• [REQUIRED ACTION] The required output is the line with "-Zur 700-Jahrfeier gedruckt." plus all lines that follow it to the end of the listing below, written out exactly, with no pictures.
--- SUPPLIED DATA ---
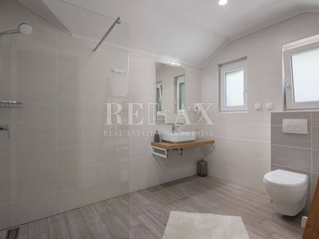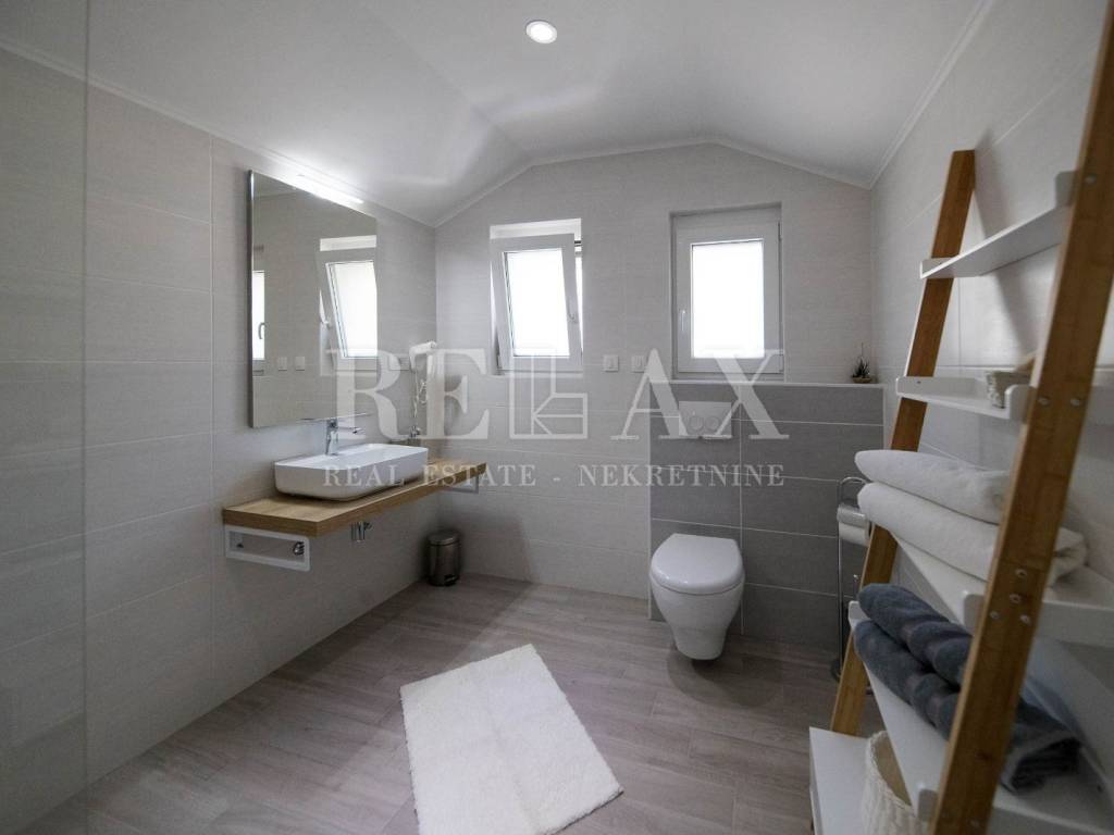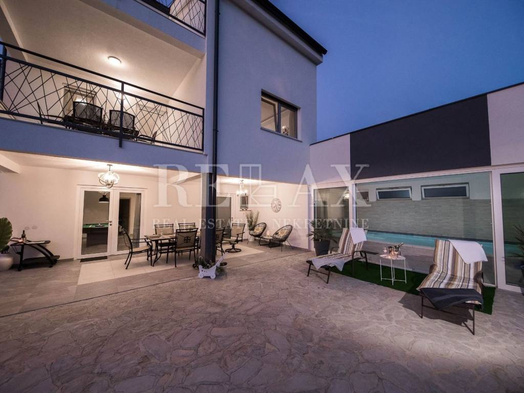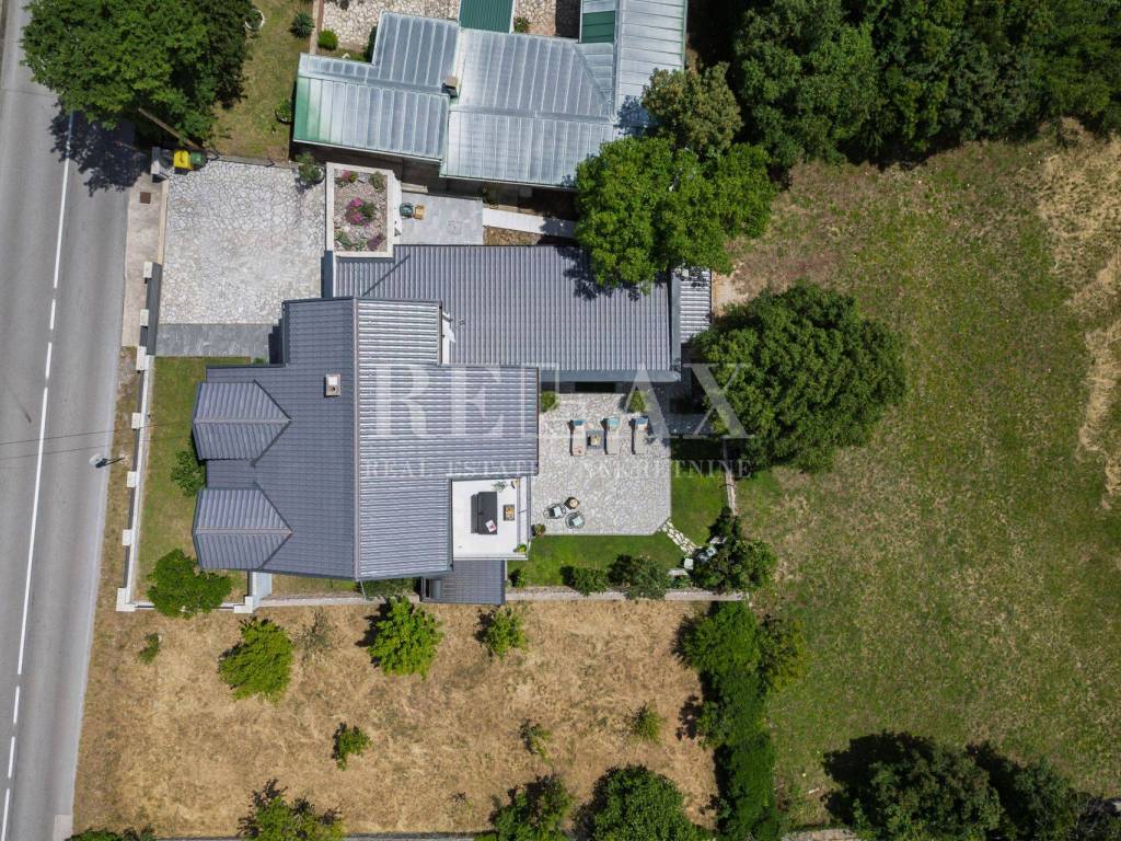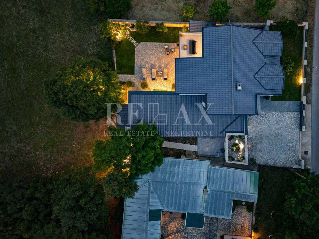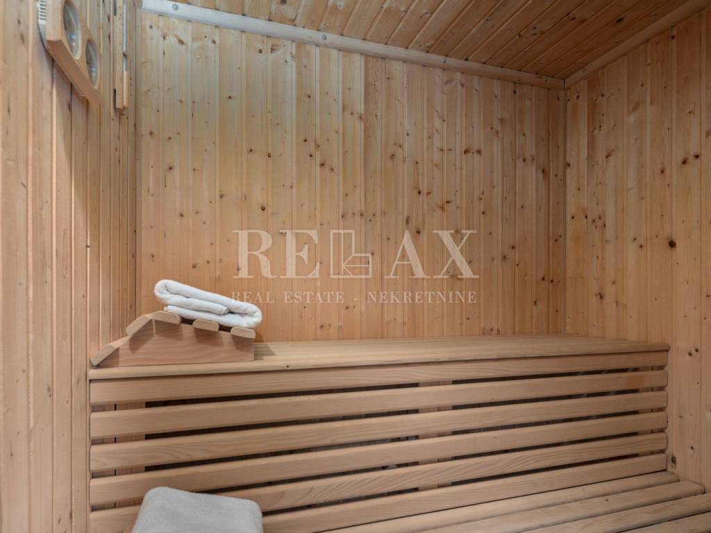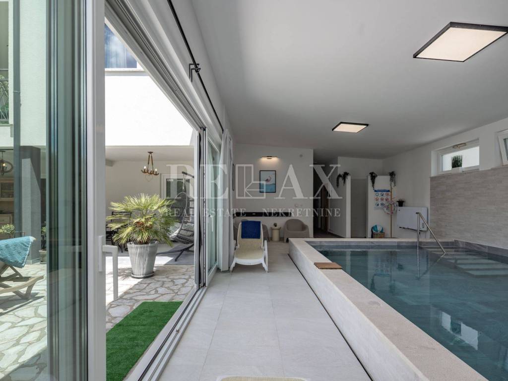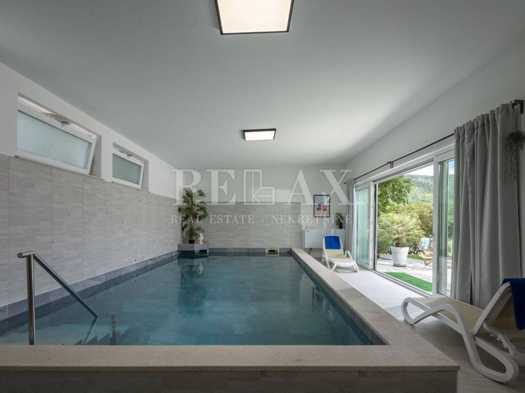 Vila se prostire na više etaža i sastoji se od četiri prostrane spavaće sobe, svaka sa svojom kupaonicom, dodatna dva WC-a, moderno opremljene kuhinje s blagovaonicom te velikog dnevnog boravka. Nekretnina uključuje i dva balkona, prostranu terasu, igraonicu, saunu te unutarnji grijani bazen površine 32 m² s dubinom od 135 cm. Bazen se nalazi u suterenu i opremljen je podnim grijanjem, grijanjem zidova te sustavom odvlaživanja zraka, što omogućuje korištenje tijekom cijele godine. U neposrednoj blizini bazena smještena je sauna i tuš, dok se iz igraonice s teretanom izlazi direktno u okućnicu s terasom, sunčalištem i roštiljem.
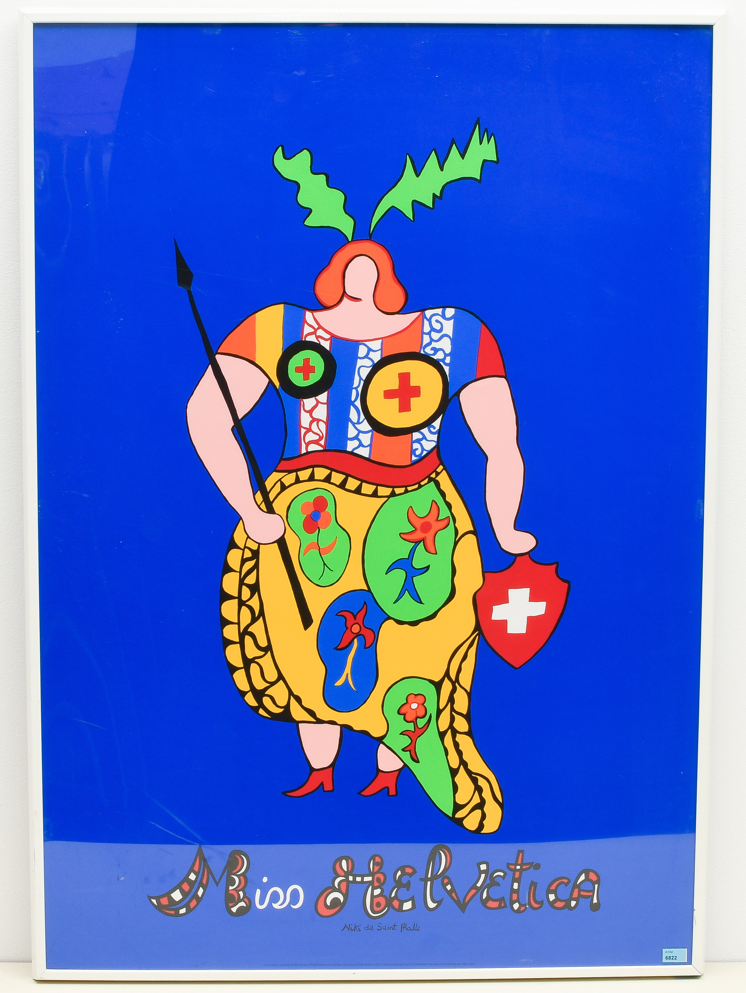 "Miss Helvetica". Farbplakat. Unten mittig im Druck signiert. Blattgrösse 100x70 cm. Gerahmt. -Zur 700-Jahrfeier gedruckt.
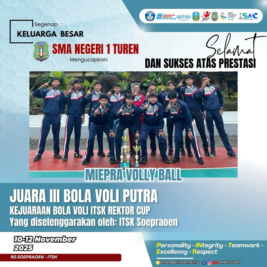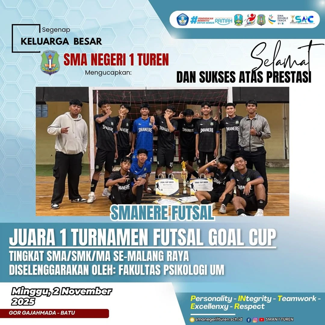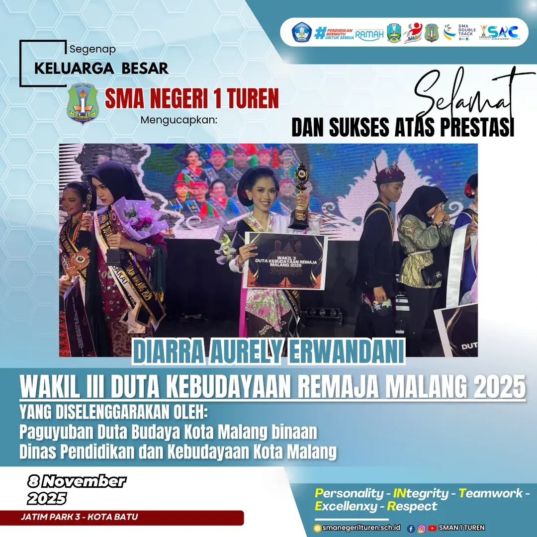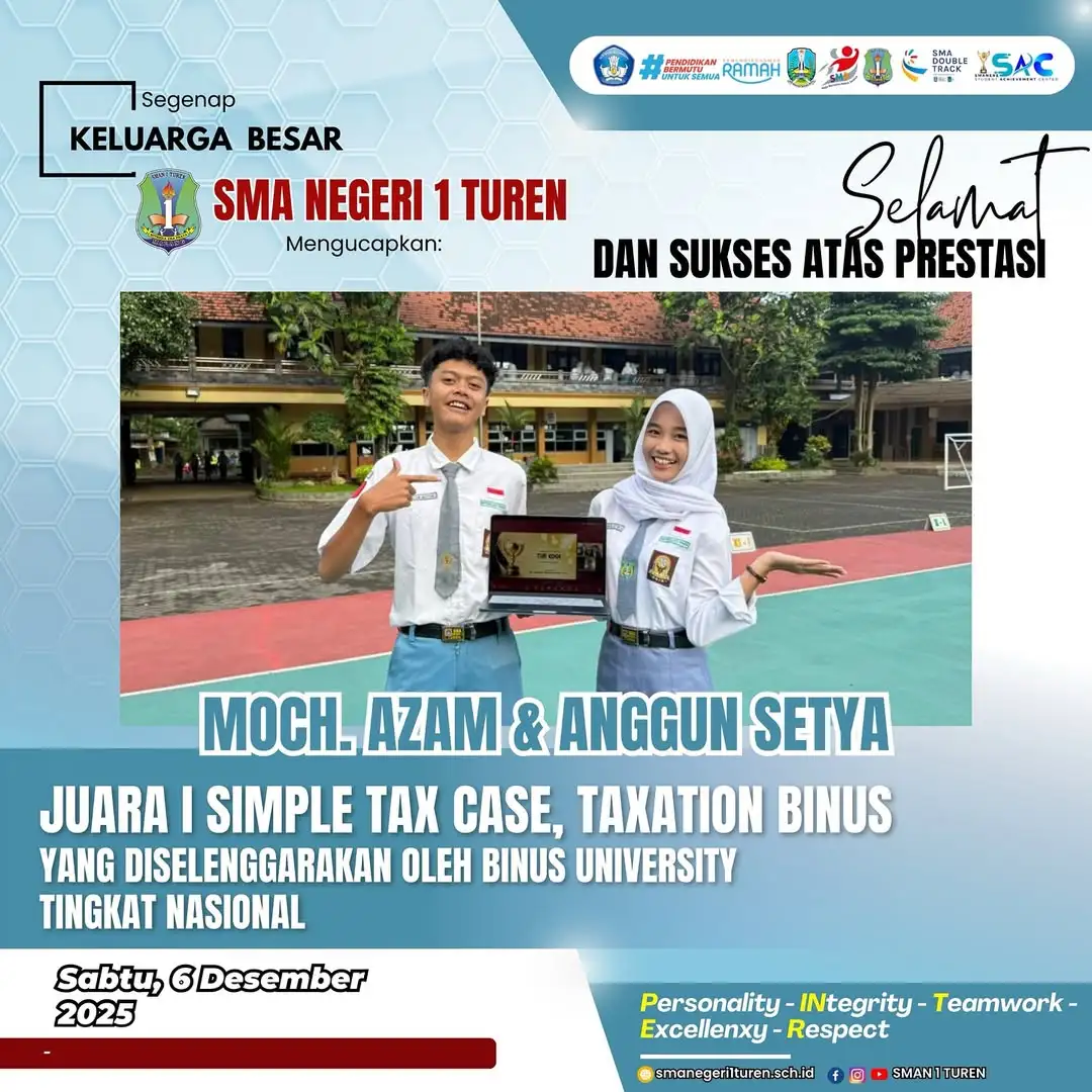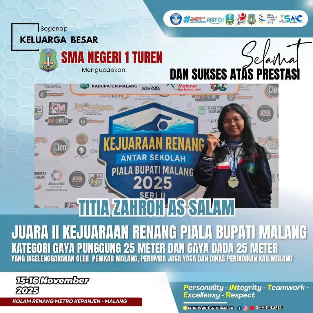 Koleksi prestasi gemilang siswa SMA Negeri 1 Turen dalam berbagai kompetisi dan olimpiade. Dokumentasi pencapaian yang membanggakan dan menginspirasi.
---
• [ANSWER BOX]
 "Miss Helvetica". Farbplakat. Unten mittig im Druck signiert. Blattgrösse 100x70 cm. Gerahmt. -Zur 700-Jahrfeier gedruckt.
 Koleksi prestasi gemilang siswa SMA Negeri 1 Turen dalam berbagai kompetisi dan olimpiade. Dokumentasi pencapaian yang membanggakan dan menginspirasi.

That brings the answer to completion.